ABOUT THIS EXERCISE
From the line containing "HG/T 20663-1999 化工粉粒产品计量、包装及码垛系统设计规定(附条文说明)" to the line containing "変電所には滅多にないVCBで、民間の高圧設備によくあるVCBでしたが、" in the entries below, reproduce every line exactly, ends included. Nothing else belongs in the copy, and no pictures.

MATERIAL FOR THIS EXERCISE
*-*-*

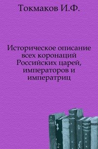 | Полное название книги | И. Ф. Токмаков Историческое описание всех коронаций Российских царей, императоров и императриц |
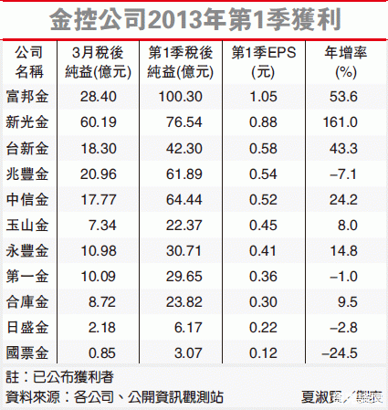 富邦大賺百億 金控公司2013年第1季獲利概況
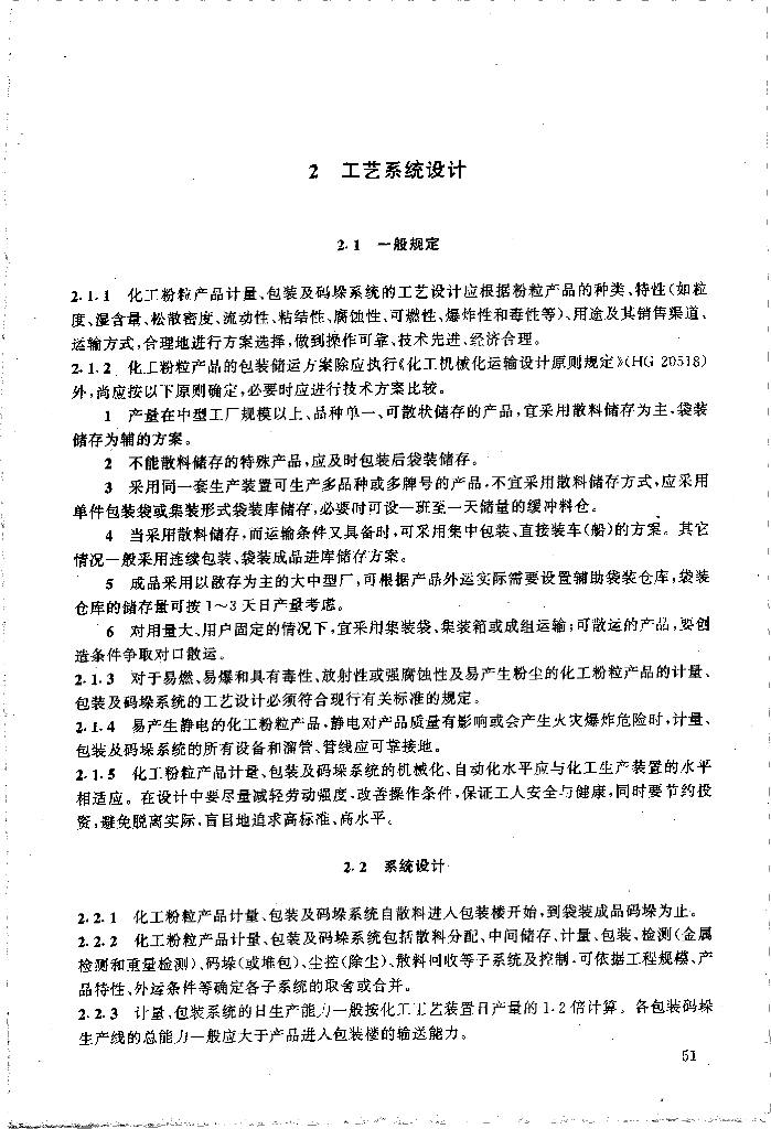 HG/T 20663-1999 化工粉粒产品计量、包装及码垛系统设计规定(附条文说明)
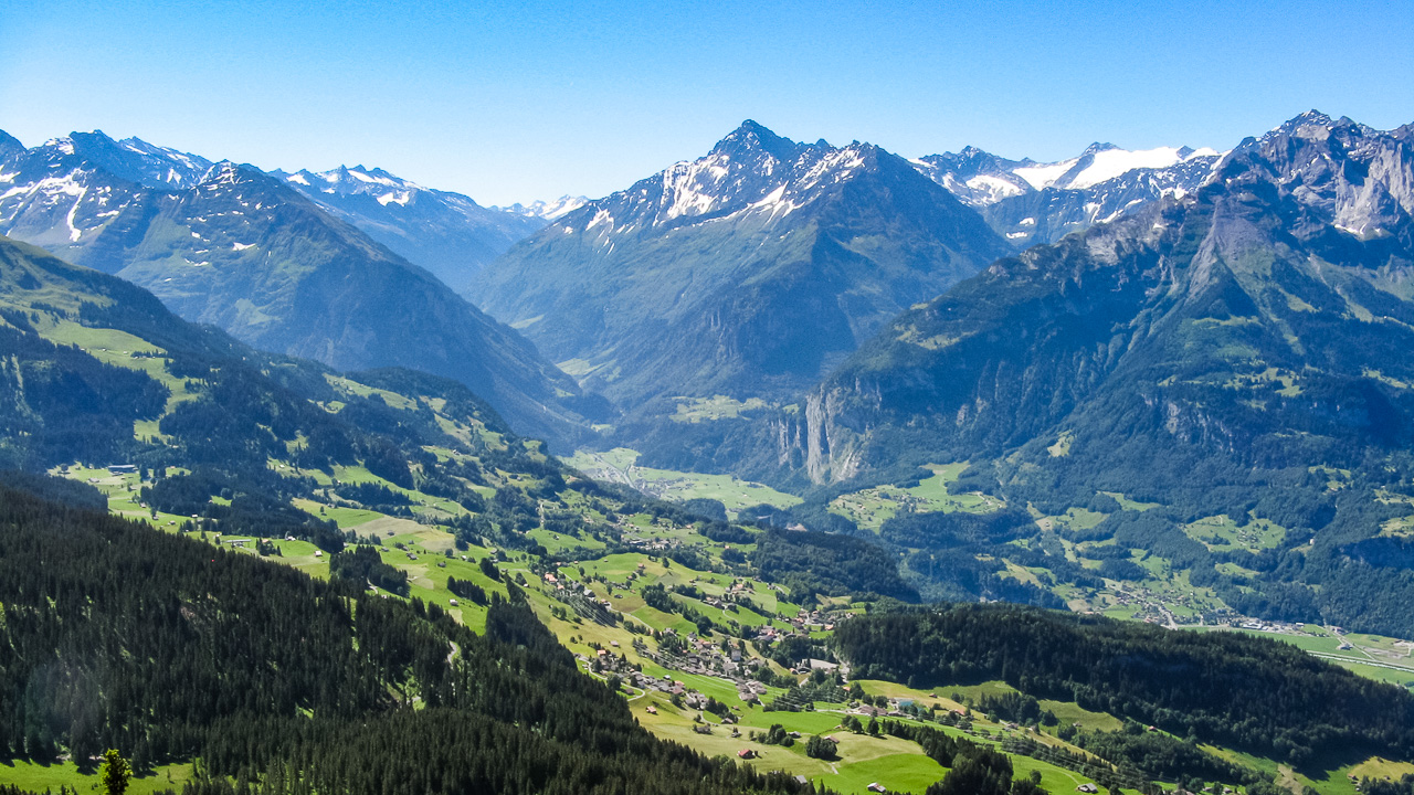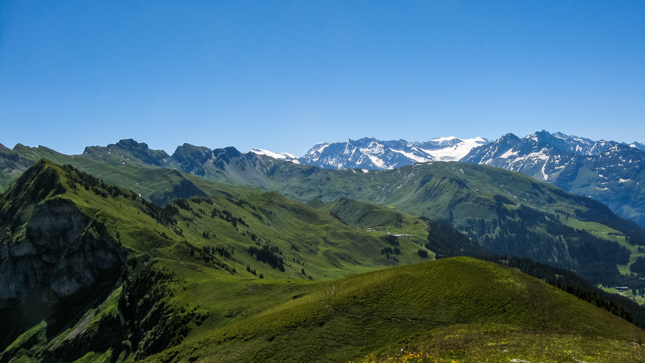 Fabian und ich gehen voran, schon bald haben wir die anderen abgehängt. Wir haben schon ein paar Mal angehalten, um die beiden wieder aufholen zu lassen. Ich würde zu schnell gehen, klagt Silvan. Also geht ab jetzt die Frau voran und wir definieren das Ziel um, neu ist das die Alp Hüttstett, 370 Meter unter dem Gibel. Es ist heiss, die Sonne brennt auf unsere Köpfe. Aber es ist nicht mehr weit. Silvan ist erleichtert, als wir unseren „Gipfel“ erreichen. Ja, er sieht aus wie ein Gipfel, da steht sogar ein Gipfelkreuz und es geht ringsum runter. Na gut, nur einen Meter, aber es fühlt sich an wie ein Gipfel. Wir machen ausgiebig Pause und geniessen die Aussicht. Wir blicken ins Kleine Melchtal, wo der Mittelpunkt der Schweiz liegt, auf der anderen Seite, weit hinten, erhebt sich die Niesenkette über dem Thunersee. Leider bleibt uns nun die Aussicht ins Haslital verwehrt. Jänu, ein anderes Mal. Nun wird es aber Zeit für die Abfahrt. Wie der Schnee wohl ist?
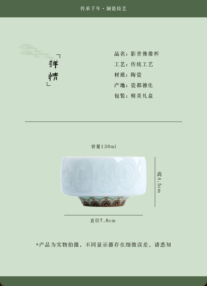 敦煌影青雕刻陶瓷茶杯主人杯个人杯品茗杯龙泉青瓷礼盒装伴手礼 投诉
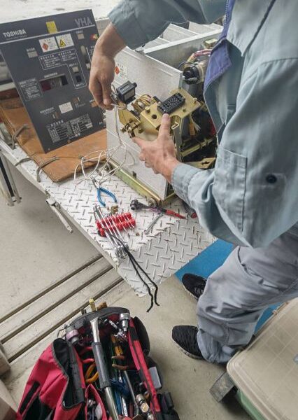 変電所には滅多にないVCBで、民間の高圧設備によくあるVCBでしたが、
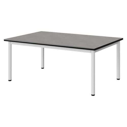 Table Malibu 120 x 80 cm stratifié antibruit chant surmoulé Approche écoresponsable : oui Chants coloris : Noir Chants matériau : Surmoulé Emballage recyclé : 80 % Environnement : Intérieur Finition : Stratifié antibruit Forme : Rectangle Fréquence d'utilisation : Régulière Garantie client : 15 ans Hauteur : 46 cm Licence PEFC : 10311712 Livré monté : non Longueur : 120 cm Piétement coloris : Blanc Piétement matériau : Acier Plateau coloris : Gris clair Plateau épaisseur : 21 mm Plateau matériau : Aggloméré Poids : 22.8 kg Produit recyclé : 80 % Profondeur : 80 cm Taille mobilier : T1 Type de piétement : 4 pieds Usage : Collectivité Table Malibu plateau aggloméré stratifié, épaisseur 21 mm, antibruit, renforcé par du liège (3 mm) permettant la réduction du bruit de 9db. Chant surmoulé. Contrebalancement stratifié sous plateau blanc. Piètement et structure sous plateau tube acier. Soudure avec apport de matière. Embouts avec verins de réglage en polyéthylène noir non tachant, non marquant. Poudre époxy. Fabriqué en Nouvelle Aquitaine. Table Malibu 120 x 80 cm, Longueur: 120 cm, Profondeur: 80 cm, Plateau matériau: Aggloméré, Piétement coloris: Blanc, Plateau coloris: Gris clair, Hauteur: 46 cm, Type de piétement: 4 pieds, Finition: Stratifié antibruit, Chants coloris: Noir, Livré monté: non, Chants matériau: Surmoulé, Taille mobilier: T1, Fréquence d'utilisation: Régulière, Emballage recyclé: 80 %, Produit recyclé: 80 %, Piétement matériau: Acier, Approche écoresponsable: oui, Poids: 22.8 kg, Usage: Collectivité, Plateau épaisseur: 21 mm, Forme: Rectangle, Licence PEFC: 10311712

*-*-*

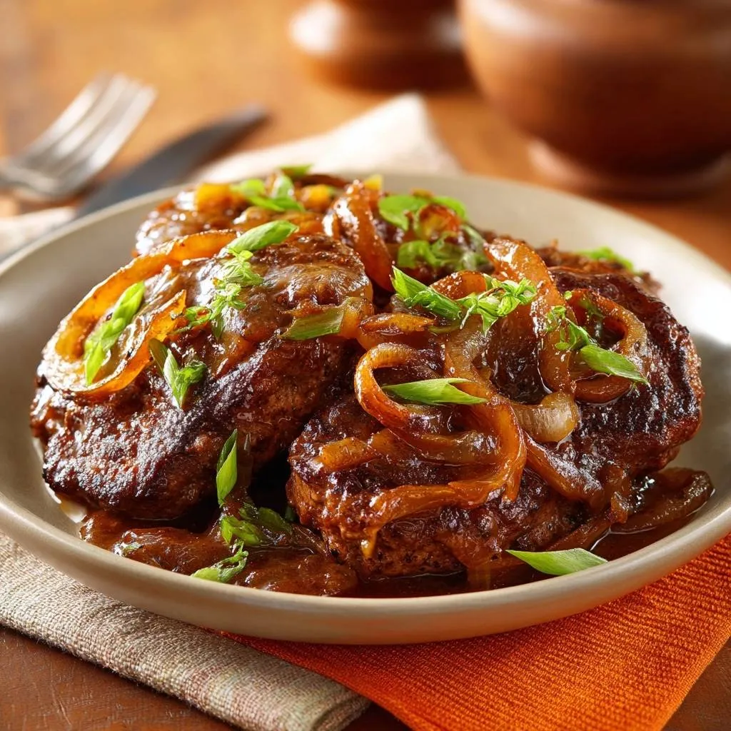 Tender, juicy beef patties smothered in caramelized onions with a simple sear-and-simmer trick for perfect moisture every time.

*-*-*

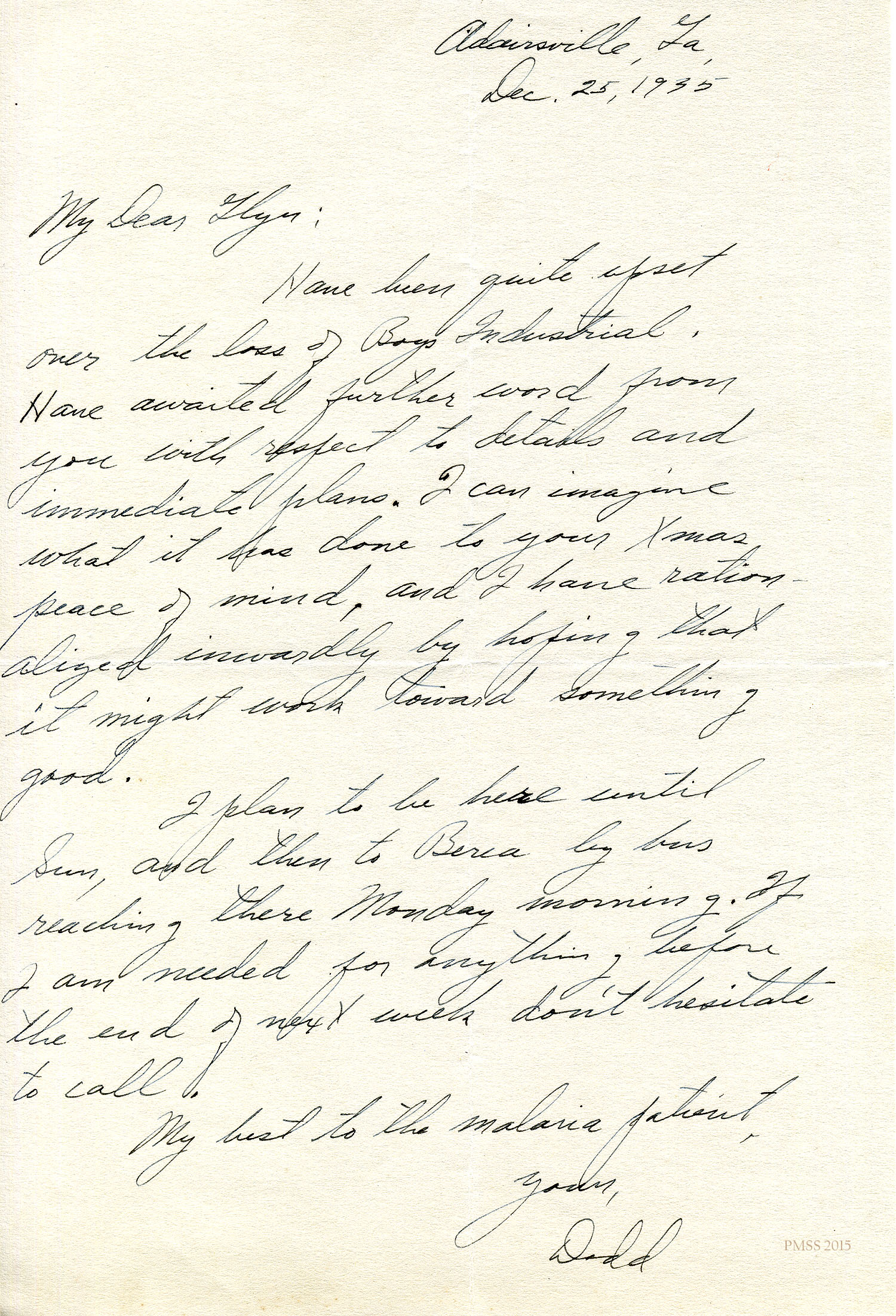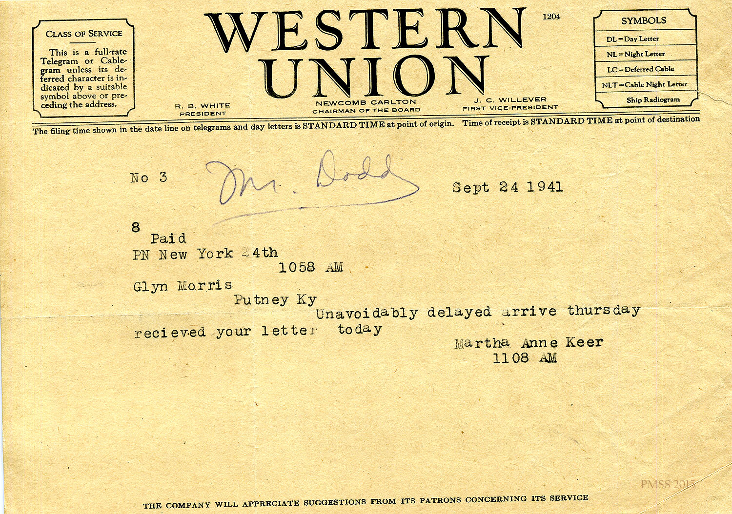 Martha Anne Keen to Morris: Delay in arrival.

*-*-*

EXERCISE SOLUTION
 HG/T 20663-1999 化工粉粒产品计量、包装及码垛系统设计规定(附条文说明)
 Fabian und ich gehen voran, schon bald haben wir die anderen abgehängt. Wir haben schon ein paar Mal angehalten, um die beiden wieder aufholen zu lassen. Ich würde zu schnell gehen, klagt Silvan. Also geht ab jetzt die Frau voran und wir definieren das Ziel um, neu ist das die Alp Hüttstett, 370 Meter unter dem Gibel. Es ist heiss, die Sonne brennt auf unsere Köpfe. Aber es ist nicht mehr weit. Silvan ist erleichtert, als wir unseren „Gipfel“ erreichen. Ja, er sieht aus wie ein Gipfel, da steht sogar ein Gipfelkreuz und es geht ringsum runter. Na gut, nur einen Meter, aber es fühlt sich an wie ein Gipfel. Wir machen ausgiebig Pause und geniessen die Aussicht. Wir blicken ins Kleine Melchtal, wo der Mittelpunkt der Schweiz liegt, auf der anderen Seite, weit hinten, erhebt sich die Niesenkette über dem Thunersee. Leider bleibt uns nun die Aussicht ins Haslital verwehrt. Jänu, ein anderes Mal. Nun wird es aber Zeit für die Abfahrt. Wie der Schnee wohl ist?
 敦煌影青雕刻陶瓷茶杯主人杯个人杯品茗杯龙泉青瓷礼盒装伴手礼 投诉
 変電所には滅多にないVCBで、民間の高圧設備によくあるVCBでしたが、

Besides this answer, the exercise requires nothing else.